To detect and control the level of SE and to eliminate or neutralize it, various devices and devices are used that provide the same potential of the operator's tools and semiconductor devices by using electrically conductive materials or grounding. For example, grounding (anti-static) bracelets, fastened to the wrist and connected through high resistance (1 ... the charge of the solar cell can drain to the ground.

In addition, protective conductive mats, tables and chairs made of conductive coating, grounded operator clothing (gowns, sleeves, veils) made of antistatic material (cotton or synthetic materials impregnated with antistatic solutions, material with an interwoven screen made of stainless steel film) are used.

To reduce the effect of static electricity, it is necessary to use work clothes made of low-electrifying materials, for example, cotton gowns, shoes with leather soles. It is not recommended to use clothes made of silk, nylon, lavsan.

To cover the surfaces of work tables and floors with low-electrifying materials, it is necessary to take measures to reduce the specific surface resistance of the coatings. Work tables should be covered with metal sheets 100x200 mm in size, connected through a limiting resistance of 10 6 Ohm to a ground bus.

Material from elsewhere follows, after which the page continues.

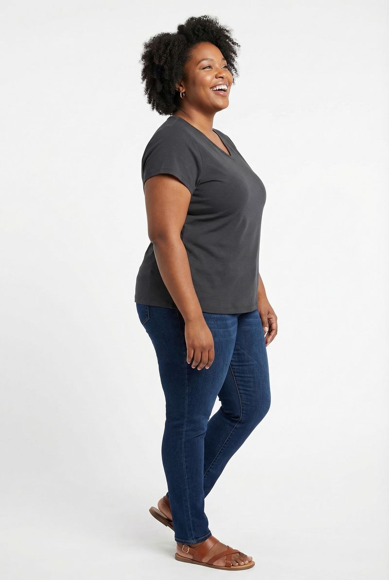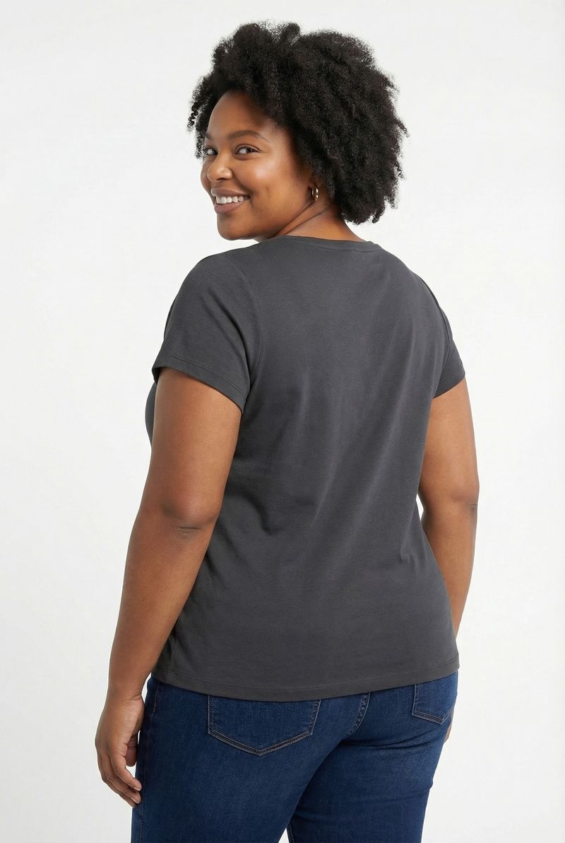 A Blusa Feminina Gola V Algodão Preta Manga Curta Essencial Caedu oferece conforto inigualável e versatilidade para seu guarda-roupa. Feita em algodão puro, com gola V e manga curta, é a peça ideal para looks casuais e elegantes, garantindo um toque de moda e bem-estar.

Equipment and tools that do not have mains power are connected to the ground bus through a resistance of 10 6 ohms. Equipment and tools that are powered by the mains are connected directly to the ground bus.

Continuous contact of the operator with the "ground" must be ensured using a special antistatic bracelet connected through a high-voltage resistor (for example, KLV type for a voltage of 110 kV). In the working room, it is recommended to ensure the humidity of the air is not lower than 50-60%

Dismantlingmicrochips

If microcircuits with plenary leads are dismantled, then the varnish should be removed in the places where the leads are soldered, the leads should be soldered in a mode that does not violate the soldering mode indicated in the microcircuit's passport, the ends of the leads should be raised at the places where they are embedded in a pressure seal, and the microcircuit should be removed from the board by thermomechanical means using a special a device heated to a temperature that excludes overheating of the microcircuit case above the temperature indicated in the passport. The heating time should be sufficient to remove the microcircuit without cracks, chips and violations of the case design. The ends of the leads can be lifted to a height of 0.5 ... 1 mm, while excluding the bending of the leads at the termination points, which can lead to depressurization of the microcircuit.

When dismantling microcircuits with pin terminals, the varnish is removed in the places where the terminals are soldered, the terminals are soldered with a special soldering iron (with solder suction), the microcircuit is removed from the board (avoiding cracks, glass chips and deformation of the case and terminals). If necessary, it is allowed (if the case is attached to the board with varnish or glue) to remove microcircuits in a thermomechanical way, which excludes overheating of the case, or with the help of chemical solvents that do not affect the coating, marking and material of the case.

The possibility of reusing dismantled microcircuits is indicated in the technical specifications for their supply.

3.1.7 Security questions

What is an integrated microcircuit?

How are integrated circuits classified by manufacturing technology?

What subgroups are ICs divided into by the number of elements?

How are IS classified by function?

Determine the purpose of analog and digital ICs.

What is IC failure rate?

What are the advantages and disadvantages of ICs?

Define the element and component of an integrated circuit.

Give the definition of an unpackaged integrated circuit, MIS, SIS, LSI, VLSI.

What is a series of integrated circuits.